The worker stated there have been numerous instances of social care workers in Limerick being assaulted over the last year. The worker said there were 20 incidents of assault in one centre last month. While there are safety policies in place at the centre, the worker said they are not working effectively and are not protecting staff.
“I have been subjected to physical and sexual assaults.We write incident reports on every incident. There were several incidents of sexual assault on me in 2013 and 2014 and other staff. Nothing happened.
“Social care workers are expected to come back the following day after a sexual assault, after a manager meets with them and asks if they are ok. Several staff went out sick because they were too traumatised to come back to work.”
Asked what happens if a social care worker is sexually assaulted by a client, the worker said staff are expected to go back and care for the same person again.  The worker expressed concern that any social care worker that is left traumatised after a sexual assault cannot transfer to a community setting.
“The option is go back to the same environment and be assaulted again or go out sick. The safety structures that are in place are not working and are not protecting staff. Social care workers have to go back to the same centre after they are sick and work with the young person again if they are still there.”

“Statements can be made to the gardaí after an assault but there is only so much the gardaí can do because these teenagers are sometimes 12, 13 or 14. Some young people are involved with the juvenile liaison scheme and get off with a caution.
“Some young people know that nothing is going to happen if they commit an assault, so they don’t really care.”
The worker said there is no proper deterrent to prevent repeated acts of physical and sexual violence. The worker said the centre has several staff out on sick leave for years and staff have left the service because they are too traumatised to work there.
If a social care worker goes on sick leave, they are entitled to three months full pay and three months half pay.
They want this type of incident to be classified as occupational injuries.
Impact representative, Andy Pike, said Tusla does not have an effective way of dealing with situations where the health and safety of social care workers is being put at risk in residential centres.
Mr Pike said some of these children were unmanageable and were placed in centre under court orders, have severe psychological and behavioural difficulties and are in need of help.
“These teenagers are exhibiting forms of behaviour, violence and abuse and staff are expected to put up with it. When staff raise an issue with management, they are caught between a rock and a hard place because they have to provide a place of safety for the child and also have an obligation to provide a safe working environment for the staff.

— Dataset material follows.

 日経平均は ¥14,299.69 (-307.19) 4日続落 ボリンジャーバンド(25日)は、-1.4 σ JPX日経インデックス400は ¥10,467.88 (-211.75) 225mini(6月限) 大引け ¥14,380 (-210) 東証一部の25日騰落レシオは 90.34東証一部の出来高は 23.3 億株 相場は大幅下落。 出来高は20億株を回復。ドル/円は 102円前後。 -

“We believe the health and safety of staff is a secondary concern and the needs of the child come first. It is a complex problem. Tusla do need to develop robust policies on dealing with challenging and violent behaviour. We have too many social care workers injured at work and off on sick leave. But they are expected to come back and be assaulted again and again. The client will not respond to normal rules of behaviour.
“The reason these children are in care is that they don’t respond to normal rules and behaviour. They will do it again and again. These kids are at the end of the line because there is nowhere to send them, apart from the residential units,” he said.

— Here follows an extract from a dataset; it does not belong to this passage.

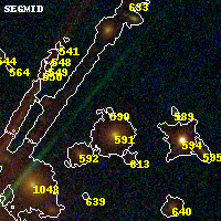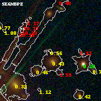 Object #590 x,y = (2856, 2950) RA, Dec = (01:37:23.688, -8:26:54.60) = (24.34870, -8.44850) BPZ = 0.556 [0.277--4.602] type = 7.50 (SB1_B10 - Scd_B10) chisq2 = 0.63 ODDS = 0.07 z_cluster = 0.566

“There will always be a risk of these assaults but our concern is Tusla isn’t doing enough to minimise these risks and provide a safe working environment.
“It is a very tough job. The clients are not dealt with at school; parents are not given the parenting skills to keep them out of harm’s way. The court system doesn’t know what to do with them. You can have a client with 100 offences that is 12 or 13 years of age that can’t be sent to jail; there is nowhere for them to go,” he said.
The union will now have to request Tusla to do an audit of injuries at work and examine the policies on dealing with challenging behaviour.